[Stored dataset items]

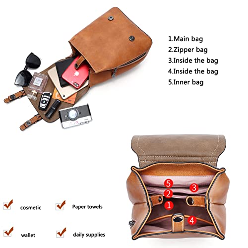 Coolives Mini Borsa a Zainetto con Patta da Donna Zaino Casual in Pelle PU per Ragazze Adolescenti Signora Colore caramello
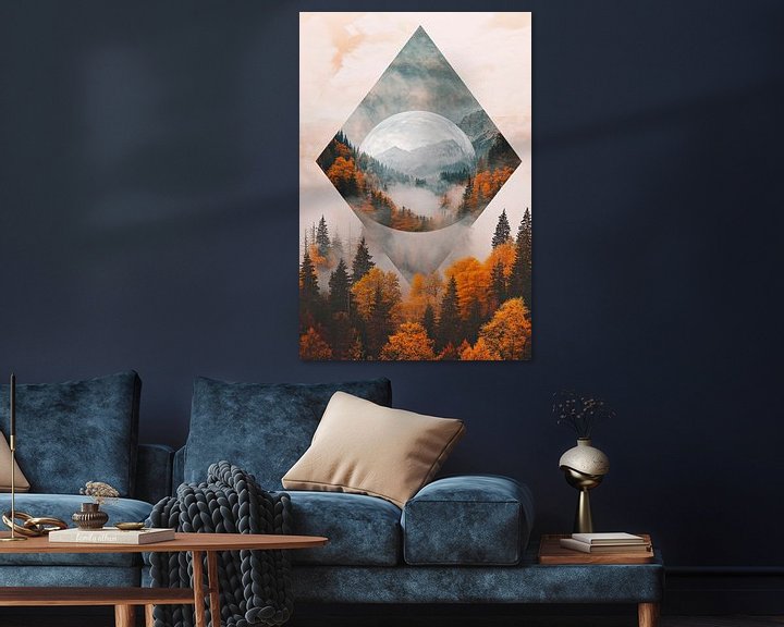 Ein faszinierendes Spiel aus Farben und Formen entfaltet sich vor den Augen: Goldene Herbsttöne umarmen eine geheimnisvolle Mondlandschaft, eingekreist von majestätischen Bergen und dichten Wäldern. Diese harmonische Fusion lädt zum Träumen ein und wäre ein perfekter Blickfang im Wohnzimmer, um jedem Raum eine beruhigende, naturnahe Atmosphäre zu verleihen.
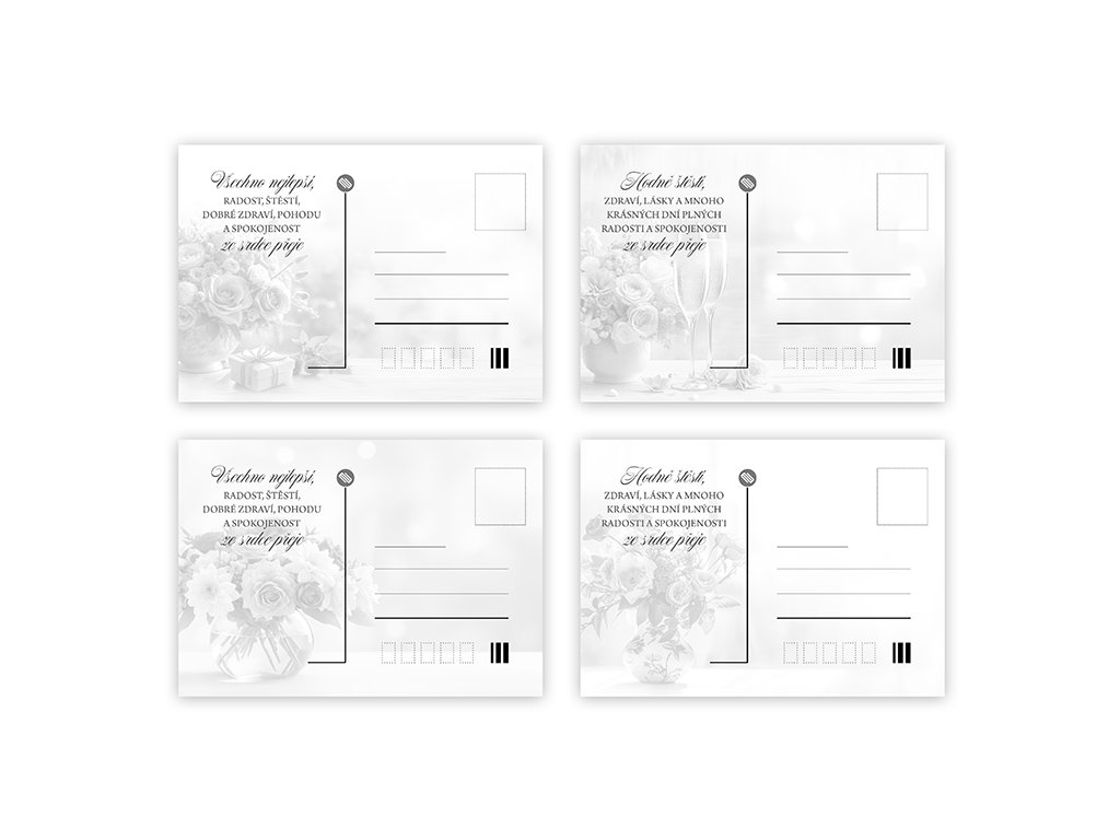 Pohlednice srdečné s textem na zadní straně. Bez obálky.
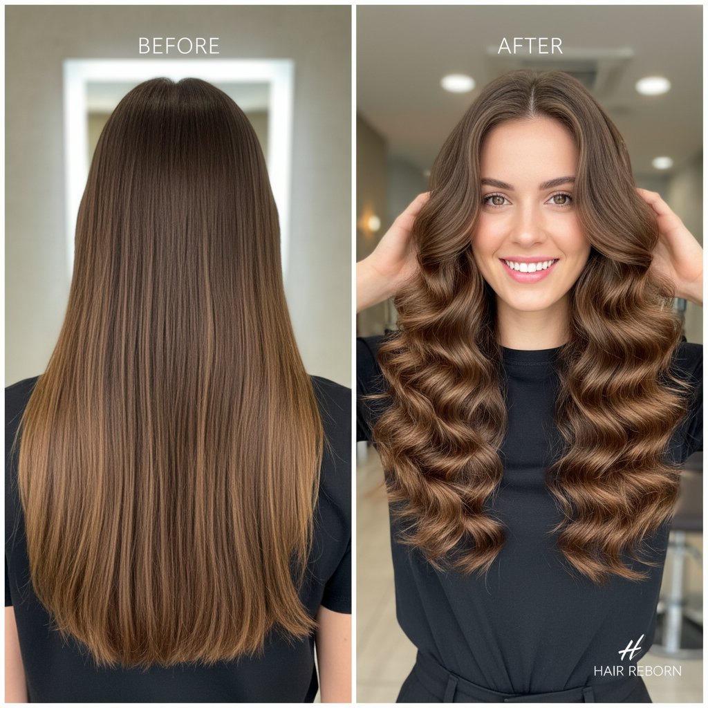 Before: Flat, lifeless hair. After: Voluminous waves that add both body and bounce, showcasing the blowout's ability to transform.
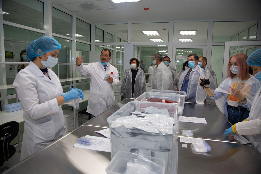 Марина Скоркина провела экскурсию по обновлённой кафедре биохимии и лабораторным боксам, рассказала о задачах, стоящих перед учёными и молодыми исследователями.
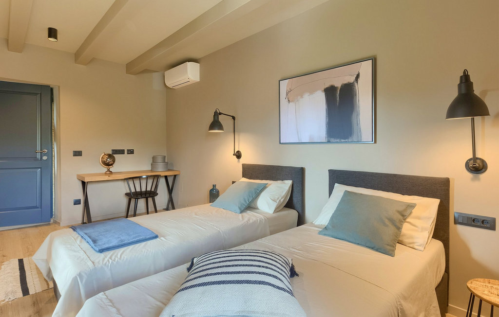 Du rez-de-chaussée, on passe au premier étage où se trouvent trois chambres à coucher, chacune équipée d'un confortable lit double pour le royaume de vos rêves. Vous serez particulièrement impressionné par les détails du mur en pierre et oublierez un instant dans quel siècle vous vous trouvez - ce qui est tout à fait compréhensible en vacances.
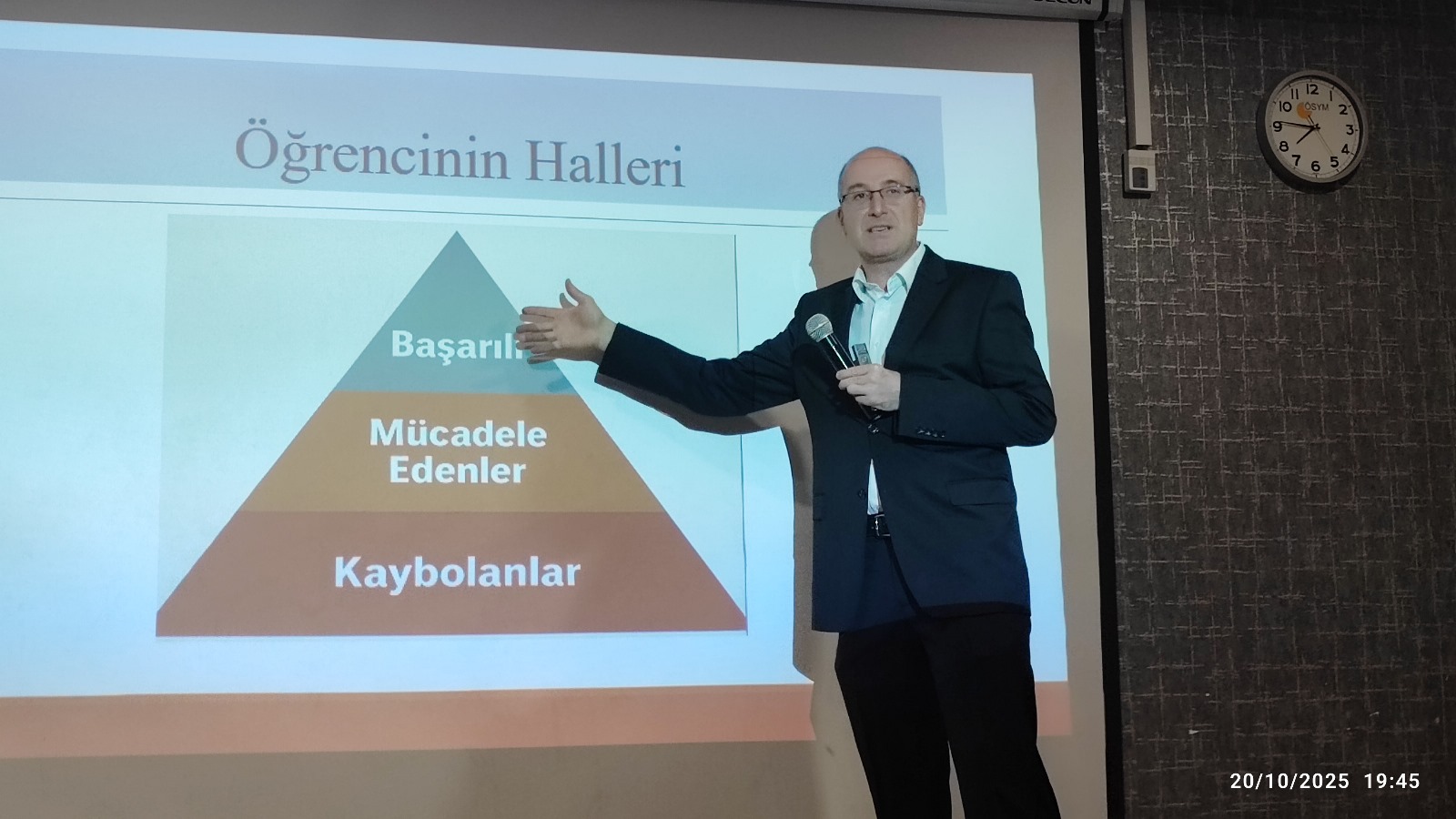 “Toplumsal Statü ve İmaj Perspektifinden Öğretmenin Toplumla İmtihanı” başlıklı söyleşide konuşan Prof. Dr. Serkan Ünsal, öğretmenlik mesleğini yalnızca bilgi aktaran bir alan olarak değil, insanı dönüştüren, kültür taşıyan ve değer inşa eden bir meslek olarak tanımladı.
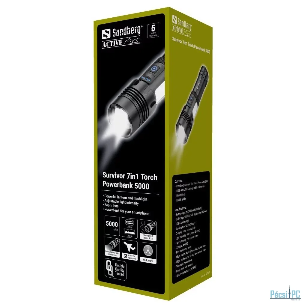 Sandberg Survivor 7in1 Torch 5000mAh PowerBank Black
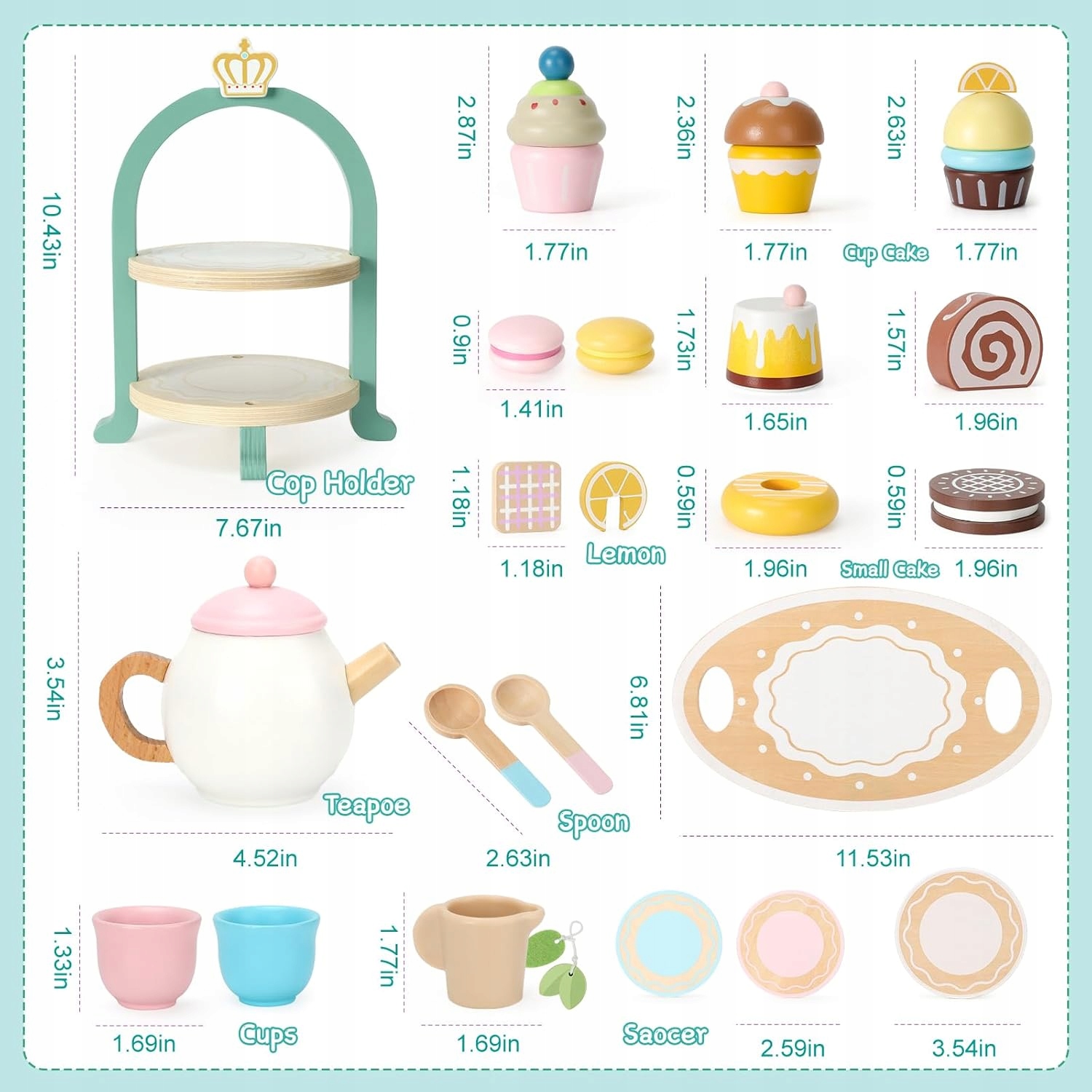 Організуйте чаювання для дітей Дерев'яний набір для чаювання з 24 аксесуарами. Завдяки цьому набору для чаювання та десертній підставці з безліччю солодощів ви можете насолоджуватися примхами нашого удаваного ігрового набору та насолоджуватися макарунами, пончики та глазуровані печива. - 🍰

§ TASK:
Keep to the lines above from the line with "Ein faszinierendes Spiel" to the line with "Марина Скоркина провела", and set down exactly those, inclusive, with nothing else and every picture left out.

§ WRITTEN ANSWER:
 Ein faszinierendes Spiel aus Farben und Formen entfaltet sich vor den Augen: Goldene Herbsttöne umarmen eine geheimnisvolle Mondlandschaft, eingekreist von majestätischen Bergen und dichten Wäldern. Diese harmonische Fusion lädt zum Träumen ein und wäre ein perfekter Blickfang im Wohnzimmer, um jedem Raum eine beruhigende, naturnahe Atmosphäre zu verleihen.
 Pohlednice srdečné s textem na zadní straně. Bez obálky.
 Before: Flat, lifeless hair. After: Voluminous waves that add both body and bounce, showcasing the blowout's ability to transform.
 Марина Скоркина провела экскурсию по обновлённой кафедре биохимии и лабораторным боксам, рассказала о задачах, стоящих перед учёными и молодыми исследователями.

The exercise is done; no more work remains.